▶ [Problem to work on]: Without the pictures, output all of the data exactly.

▶ [Given data]:
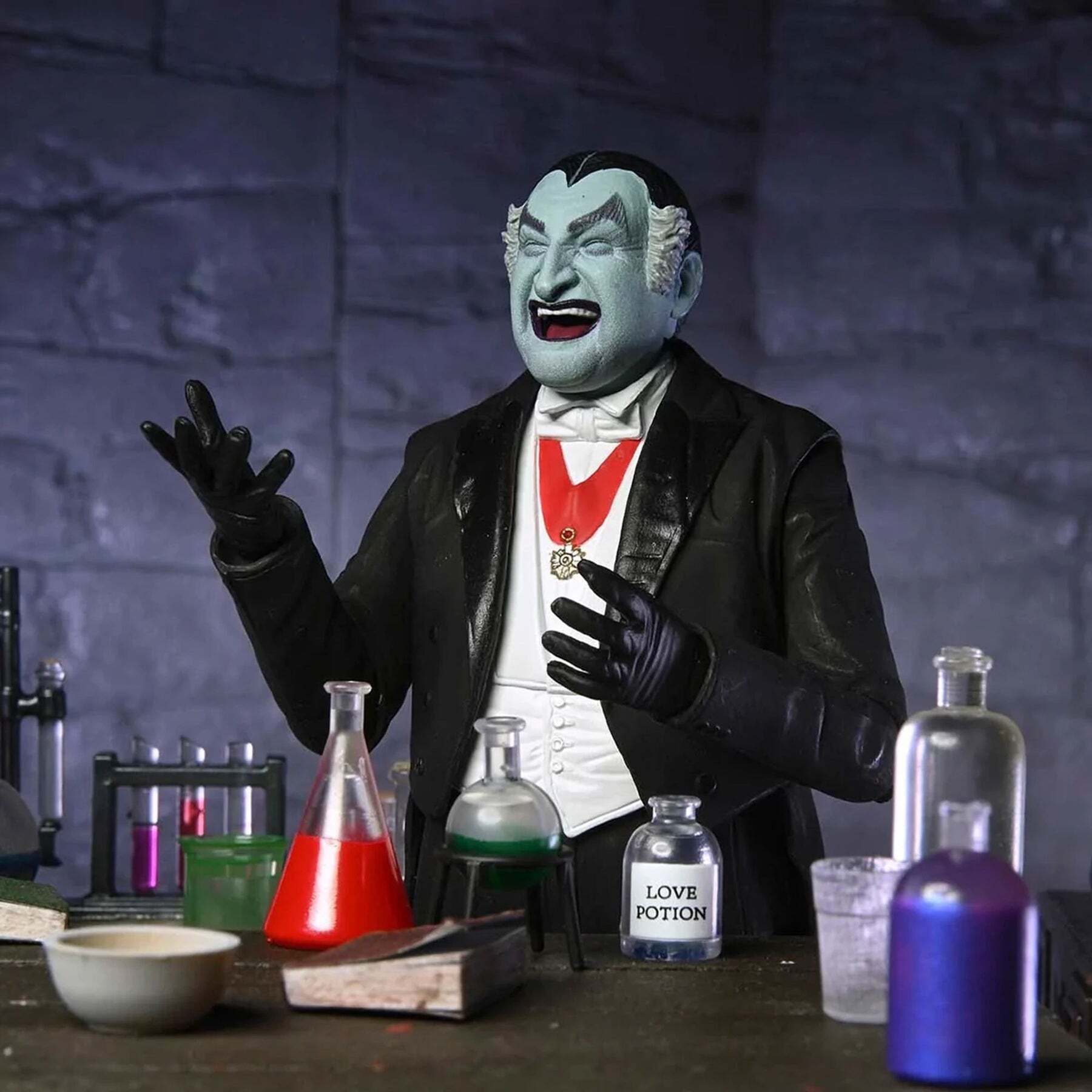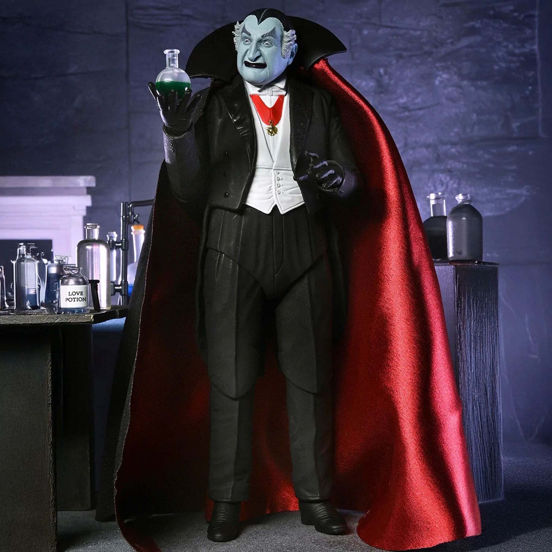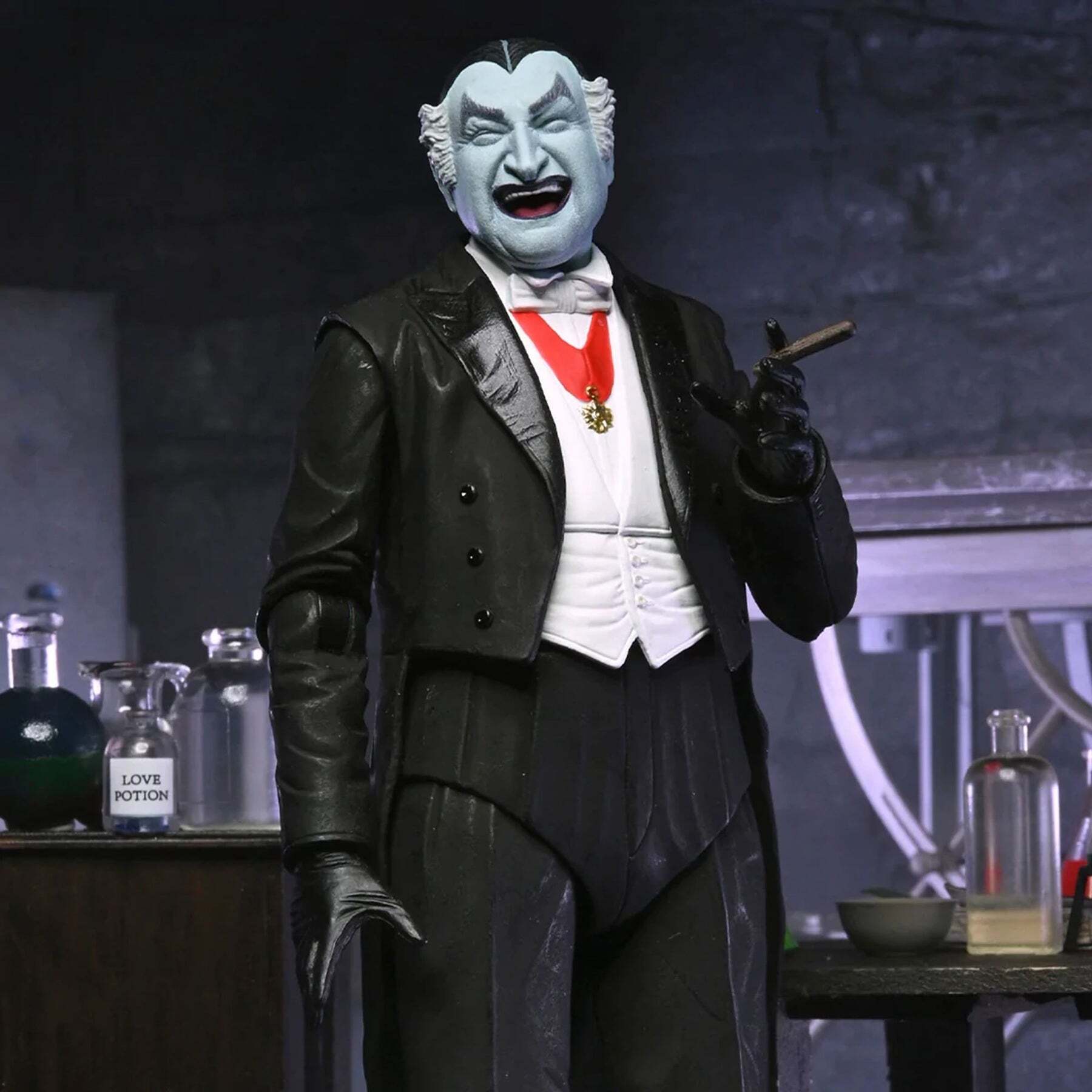 Enter 1313 Mockingbird Lane with the NECA Ultimate Grandpa Munster Figure! Inspired by the classic 1960s sitcom, The Munsters, this highly detailed, 18cm scale articulated figure captures the mischievous charm of TV's beloved vampire. Height: 18cm
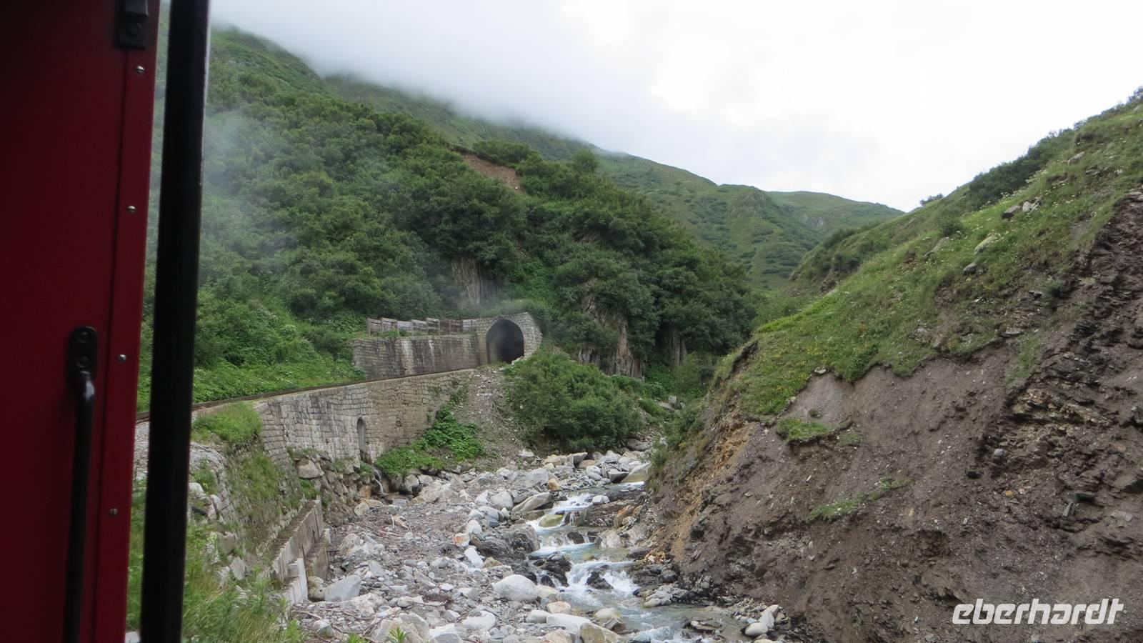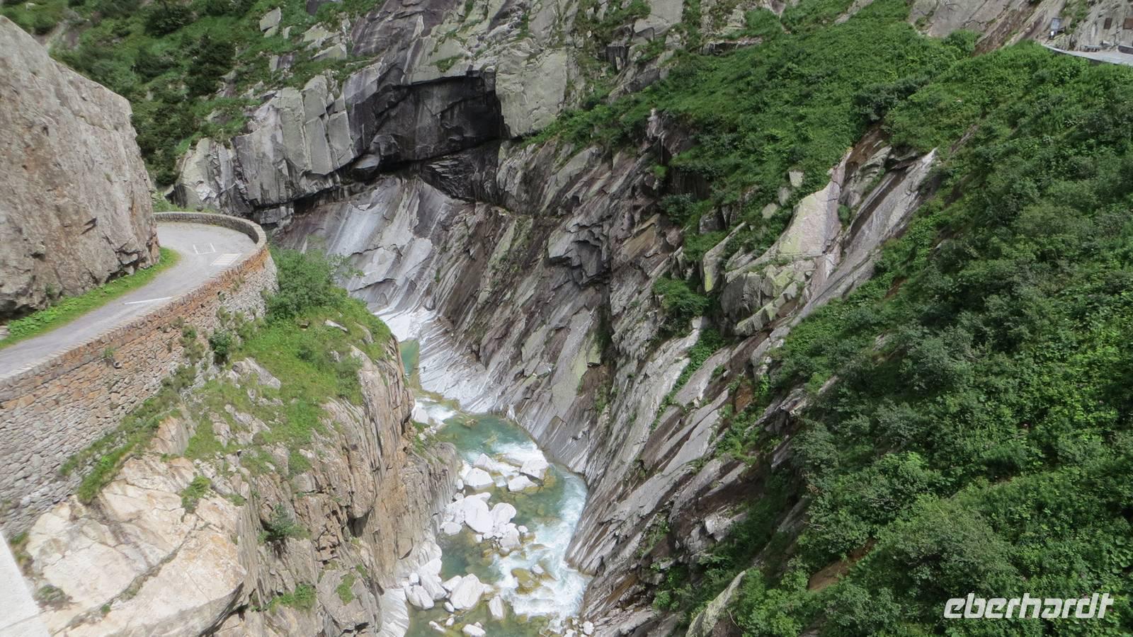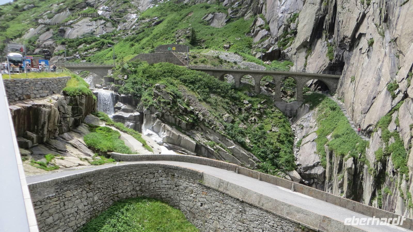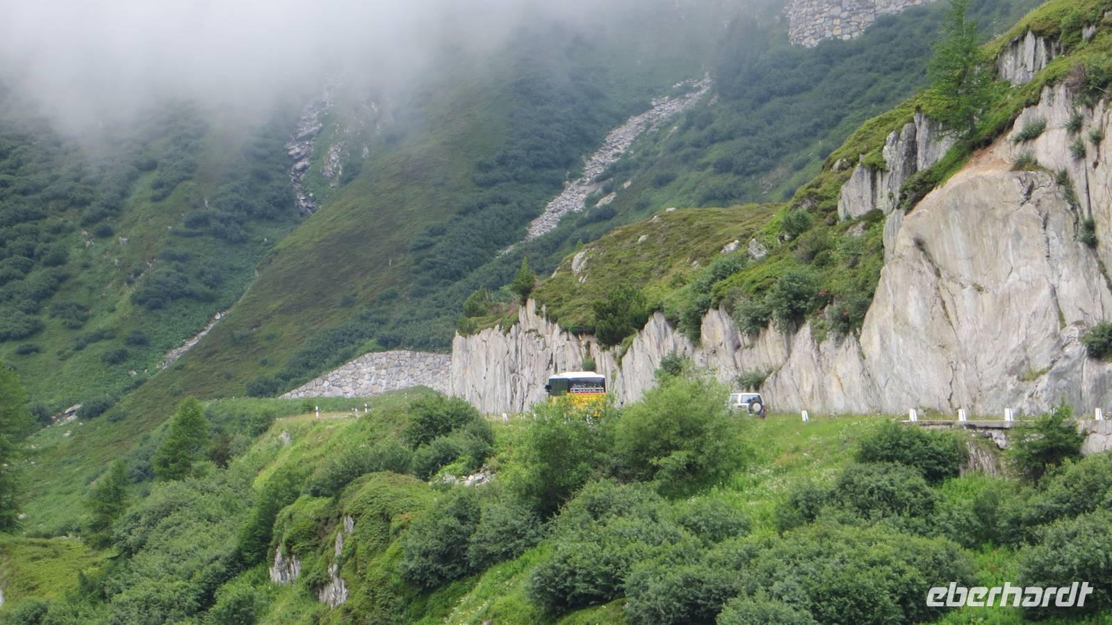 Am Morgen hieß es Abschied nehmen von der Schatzalp und Davos. Wir fuhren mit der Standseilbahn ein letztes Mal hinab nach Davos. Dort erwartete Gerald unser Chauffeur uns bereits mit dem Bus und unserem Gepäck, welches separat wieder ins Tal gebracht wurde. Heute stand für uns eine faszinierende Fahrt über zwei Passstraßen auf dem Programm. Unser Weg führte uns zunächst über Tiefencastel und Thusis zur sagenumwobenen Via Mala Schlucht. Wir hatten Zeit um diese einmalige Klamm, die der Rhein in das Felsmassiv gegraben hat zu bewundern. Einige sind die 324 Stufen hinabgestiegen und haben die Strudeltöpfe aus nächster Nähe betrachtet. Anschließend begaben wir uns auf die erste Passstraße. Es ging hinauf zum San Bernhardino. Gerald musste hier Schwerstarbeit leisten. Die Kehren waren teilweise so eng, dass es schon eine fahrerische Meisterleistung verlangte, diese mit dem Bus zu durchfahren. Wir hatten dabei einzigartigen Blicken in die wunderschöne Bergwelt. Auf der Passhöhe in 2.066 Metern Höhe legten wir einen kurzen Stopp ein, um Fotos machen zu können. Nun ging es hinab ins Tal. Durch das Valle Levantina im Tessin erreichten wir nach unserer Mittagspause die nächste Passstraße zum Nufenen-Pass. Dieser war besser ausgebaut und wir genossen die Fahrt auf den 2.478 Meter hohen Pass, welcher gleichzeitig die Grenze zwischen dem Tessin und dem Wallis bildet. Nach einer Kaffee-Pause ging es hinab ins Goms, das Tal der jungen Rhône. In Ullrichen und Obergersteln sahen wir die typischen Walliser Holzhäuser und Spycher mit den Mäuseplatten. Die Spycher standen auf Holzpfosten auf denen eine runde Steinplatte lag, damit die Mäuse nicht an die Vorräte kamen. Nun ging es hinauf nach Gletsch, wo wir im Hotel Glacier du Rhône unsere Zimmer bezogen. Das Hotel war ein ehemaliges Grand Hotel und hier war die Zeit wirklich stehen geblieben. Die Zimmer verfügten über ein Waschbecken und Toiletten und Duschen befanden sich auf der Etage. Aber das wussten wir und wir wollten ja bewusst in die alte Zeit eintauchen. Am Abend wurde uns wieder ein vorzügliches Menü serviert.
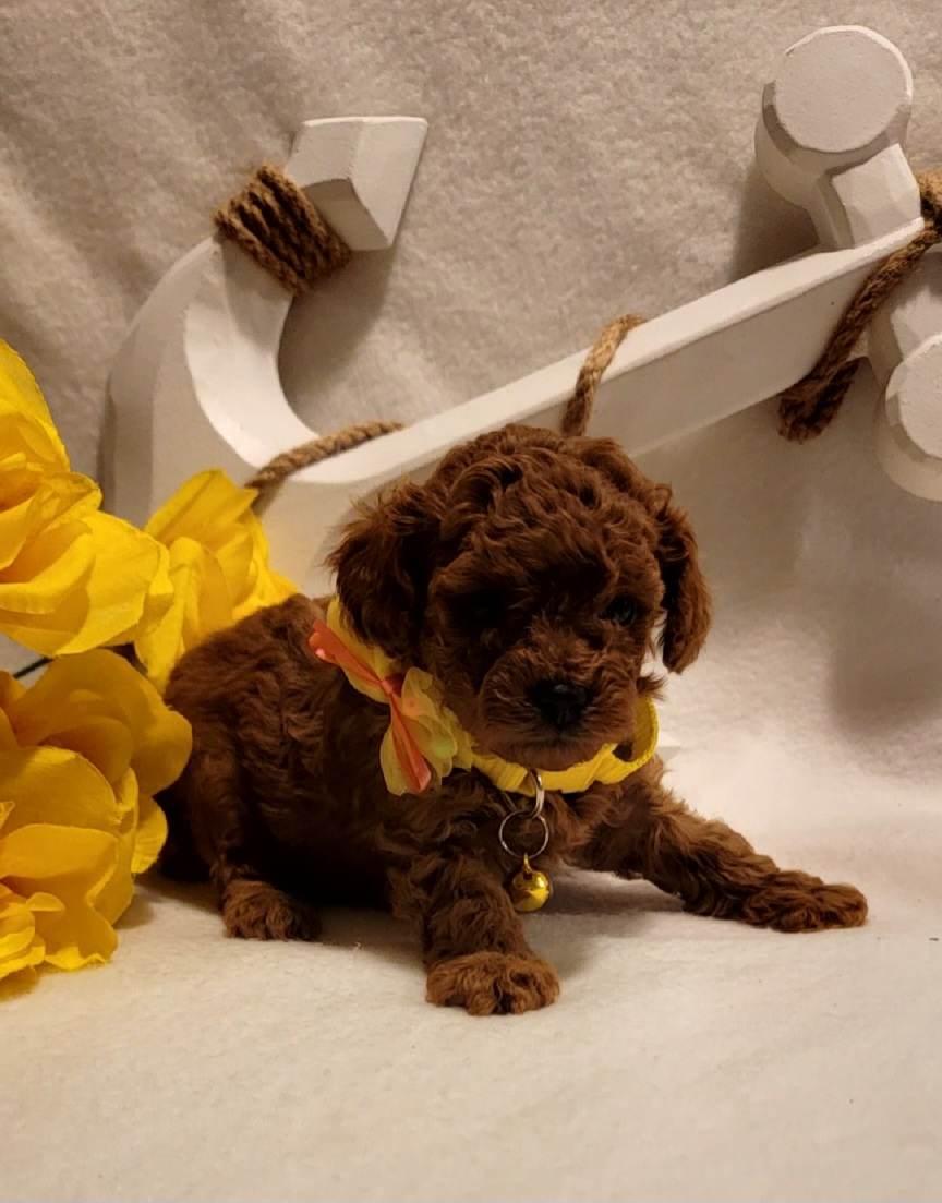 Our puppies include apricot, red, and white. Colors will vary depending on the parent dogs.

▶ [Solution for this problem]:
 Enter 1313 Mockingbird Lane with the NECA Ultimate Grandpa Munster Figure! Inspired by the classic 1960s sitcom, The Munsters, this highly detailed, 18cm scale articulated figure captures the mischievous charm of TV's beloved vampire. Height: 18cm
 Am Morgen hieß es Abschied nehmen von der Schatzalp und Davos. Wir fuhren mit der Standseilbahn ein letztes Mal hinab nach Davos. Dort erwartete Gerald unser Chauffeur uns bereits mit dem Bus und unserem Gepäck, welches separat wieder ins Tal gebracht wurde. Heute stand für uns eine faszinierende Fahrt über zwei Passstraßen auf dem Programm. Unser Weg führte uns zunächst über Tiefencastel und Thusis zur sagenumwobenen Via Mala Schlucht. Wir hatten Zeit um diese einmalige Klamm, die der Rhein in das Felsmassiv gegraben hat zu bewundern. Einige sind die 324 Stufen hinabgestiegen und haben die Strudeltöpfe aus nächster Nähe betrachtet. Anschließend begaben wir uns auf die erste Passstraße. Es ging hinauf zum San Bernhardino. Gerald musste hier Schwerstarbeit leisten. Die Kehren waren teilweise so eng, dass es schon eine fahrerische Meisterleistung verlangte, diese mit dem Bus zu durchfahren. Wir hatten dabei einzigartigen Blicken in die wunderschöne Bergwelt. Auf der Passhöhe in 2.066 Metern Höhe legten wir einen kurzen Stopp ein, um Fotos machen zu können. Nun ging es hinab ins Tal. Durch das Valle Levantina im Tessin erreichten wir nach unserer Mittagspause die nächste Passstraße zum Nufenen-Pass. Dieser war besser ausgebaut und wir genossen die Fahrt auf den 2.478 Meter hohen Pass, welcher gleichzeitig die Grenze zwischen dem Tessin und dem Wallis bildet. Nach einer Kaffee-Pause ging es hinab ins Goms, das Tal der jungen Rhône. In Ullrichen und Obergersteln sahen wir die typischen Walliser Holzhäuser und Spycher mit den Mäuseplatten. Die Spycher standen auf Holzpfosten auf denen eine runde Steinplatte lag, damit die Mäuse nicht an die Vorräte kamen. Nun ging es hinauf nach Gletsch, wo wir im Hotel Glacier du Rhône unsere Zimmer bezogen. Das Hotel war ein ehemaliges Grand Hotel und hier war die Zeit wirklich stehen geblieben. Die Zimmer verfügten über ein Waschbecken und Toiletten und Duschen befanden sich auf der Etage. Aber das wussten wir und wir wollten ja bewusst in die alte Zeit eintauchen. Am Abend wurde uns wieder ein vorzügliches Menü serviert.
 Our puppies include apricot, red, and white. Colors will vary depending on the parent dogs.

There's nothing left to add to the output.